Influences of developments and measures can be studied by applying VCM. Seven scenarios are generated in this work with five in land use planning and two in transport planning. The following findings from these application examples can be concluded:
• The separation of land uses, i.e. work places in the centre and residence in the periphery area, leads to more PuT trips. It confirms the findings in literature such as from LECK (2006). Compared to separation of land uses, the ideal mixture of land uses leads to more car trips.
• Locating the new development in the city area rather than in the region area induces more PuT trips due to good PuT services in the city area. However, relevant facilities such as schools in the city area should be provided accordingly for the increased population.
• Ideal improvement of capacity on roads, i.e. no congestion in the network, induces more car trips with longer distance but slightly shorter time. It also conforms to the research in the literature such as from MOKHTARIAN and CHEN (2004).
• Ideal improvement of the PuT service increases the PuT share significantly. However, this conclusion is only suitable for cities with a relative high density.
These application examples are on the basis of “other things remaining equal”, which ignores the possible interaction between the changed measure and other elements in the model. VCM is applied to model the influence of land use structure and transport supply on travel demand. However, it is not able to model the interaction between land use structure and transport supply. For example, changes in the land use structure would also cause changes in the transport infrastructure, especially the arrangement of public transport lines. Another example of disadvantage of this basis “other things remaining equal” lies in the first scenario (S1), where all work places are located in the central area of a city. In this scenario the increase of parking search time due to limited parking places is not modelled, otherwise it results in even more PuT trips. Therefore, the modelling result of VCM can be interpreted as the moment that one change happens and other changes have not yet reacted to this change.
A VCM is able to represent travel demand of the reference area with a certain validity.
However, different aspects of VCM can be improved in further studies, for example:
• The land use structure in a polycentric city can be transferred by the cross-classification of land use categories, densities and rings referring to not only the city centre, but also to sub-centres. In the current version of VCM, only rings referring to the city centre are considered.
• A database of tile structures with typical network forms and components of zones can be created for the network generator tool. Different concepts of cities can be generated with corresponding tile structures in the database.

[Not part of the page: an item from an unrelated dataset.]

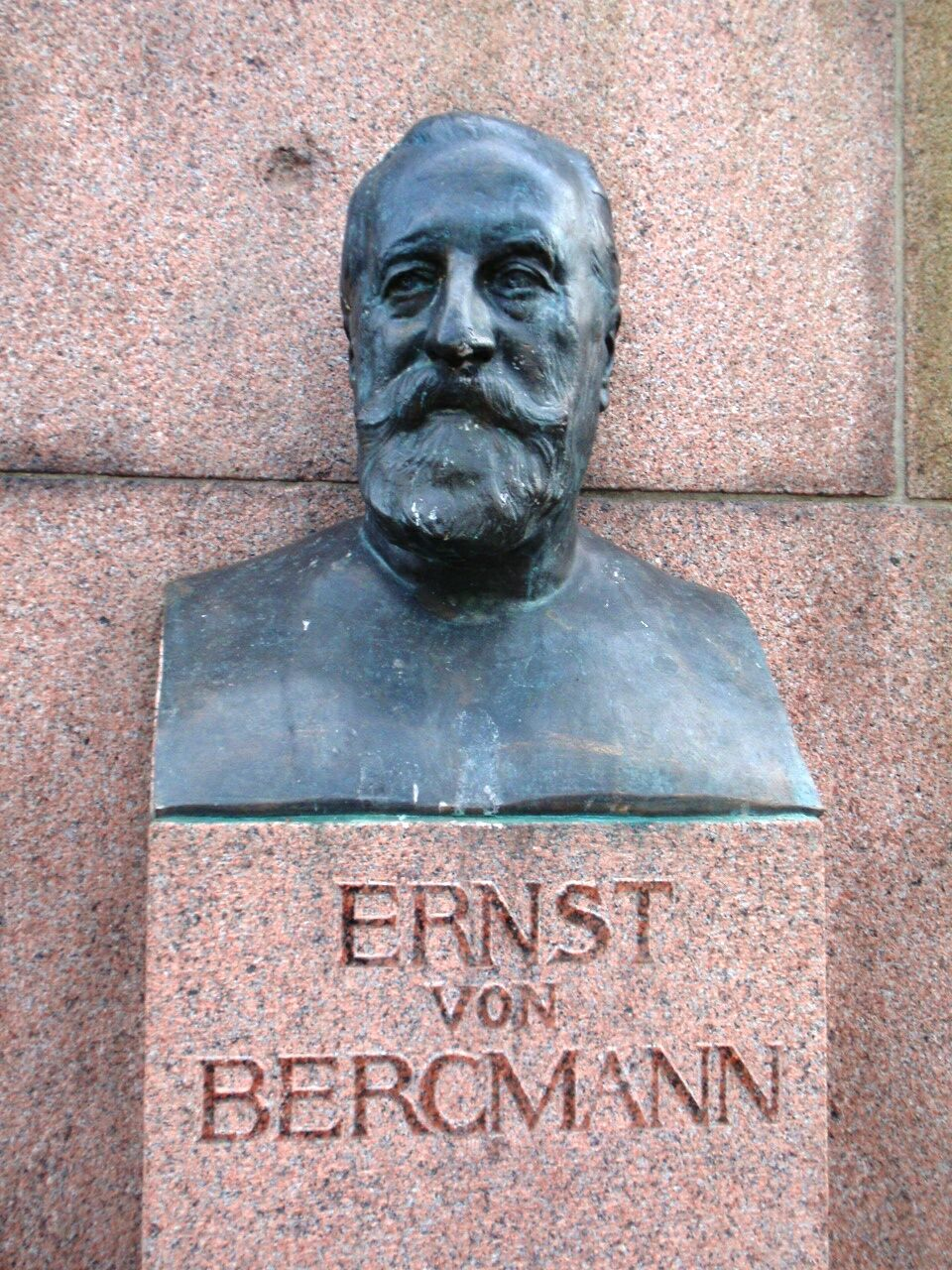 Monument to Ernst von Bergmann (1836–1907) in Tartu by Adolf von Hildebrand (1847–1921).

• The region area can be modelled on a lower aggregation level with more zones, so that regional planning measures can also be studied applying VCM. For example, the
unrealistically high number of walk trips can be avoided in scenarios S4 and S5 of locating new development in the region area.
• New version of VISUM 15.0 introduces also modelling of freight transport with different structure from person transport by means of generating real tours and trip tables of freight transport. Applying this version of VISUM should be able to model freight transport in a better way than the current VCM does.
More development scenarios and measures in land use and transport planning than scenarios in chapter 5 can be modelled and analysed in VCM. As a potential further application of VCM, a combination of the PuT improvement in S7 and the limitation of car use can be tested. Besides, as it is suggested to adopt an integrative approach for transport planning and land use planning in the literature, the influence of combing measures in land use planning and transport planning can be studied. A measure that can be tested is the high density with mixed-use and restricted car use policies, as suggested by CERVERO and KOCKELMAN (1997).
Another interesting potential further research applying VCM is the comparison of VCMs with different land use structure and transport supply. The methodological processes can be applied to develop new virtual city models, such as with another network form or with a new reference model. An example is the comparison between Detroit Region in the USA and Stuttgart Region, as these two regions have similar characteristics of population and size. Land use data in Detroit Region can be transferred with the methods of cross classification into a new VCM. Similarly a new network model based on the network structure in Detroit Region can also be generated with the network generator tool. For a precise forecast, this network model should be calibrated and validated with the existing data from the Detroit Region. Assuming that all of the residents in Stuttgart Region are living in Detroit Region in the USA, i.e. behaviour data in Stuttgart Region are applied, travel demand of these travellers in the new VCM can be investigated.
Comparing travel demand of these two VCMs, although they share the same behavioural data, the land use and network structure in the U.S.A are supposed to produce more and longer car trips, as shown in differences between surveys in the USA and Germany.
This version of VCM is available for more applications, and other versions of VCM can be generated following the same methods.